The “problem” faced by companies is that there are certain citizens of the web that are squatting on their Google page 1 results! And they are not allowing the company to get a uniform message across because–my fingers tremble as I type this–they have a different opinion than the spinmeisters of their marketing department!
So therefore these refuseniks need to be tracked, rated on their disobedience, and then employers can look them up in a central database, as they do with credit ratings, to decide whether they would be a good risk as a new hire. That’s the punishment part of the equation. To undo the damage that’s been wrought, there are also services that help clean a corporate reputation–removing inconsistent brand messages from search results.
Of course, there are legitimate reasons to manage “reputation” on the web or less odious reasons than others. But it strikes this blogger that Serge and Larry’s system to rate search results is pretty much doing what it’s intended to–get a truer sense of what’s important by effectively crowdsourcing rankings. It’s the free market of ideas at work! And, gasp, that means that there may be stuff said that wasn’t approved by PR.
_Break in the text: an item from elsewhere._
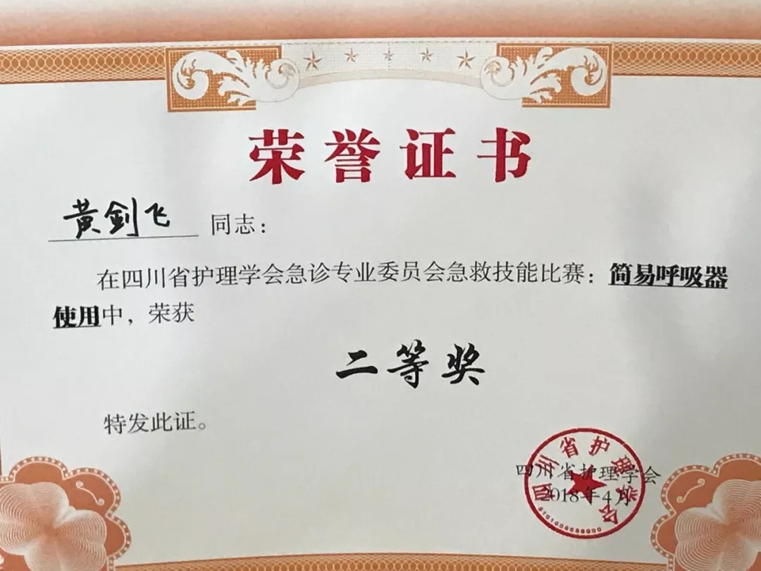 2018年4月18日,四川省护理学会“2018年强质量·重内涵急救技能大赛”在成都举行,西南医科大学附属中医医院城北急诊科护士长助理黄剑飞荣获简易呼吸器使用二等奖,水井沟急诊科副护士长邓钰荣获单人心肺复苏术三等奖。

If your worldview stopped around the time Don and Peggy were helping cigarette companies with their image problems, then the Interbooz is a major threat. And in that case, the social media session panelists at the Cyber Security Summit were making great business sense, no doubt, to the Montgomery Burns-types in the audience.
Yes, my hackles were raised by some of the memes radiating from this particular panel. Treating what is essentially a PR problem as a threat degrades the meaning of cyber security or more accurately morphs it into a Ministry of Truth operation.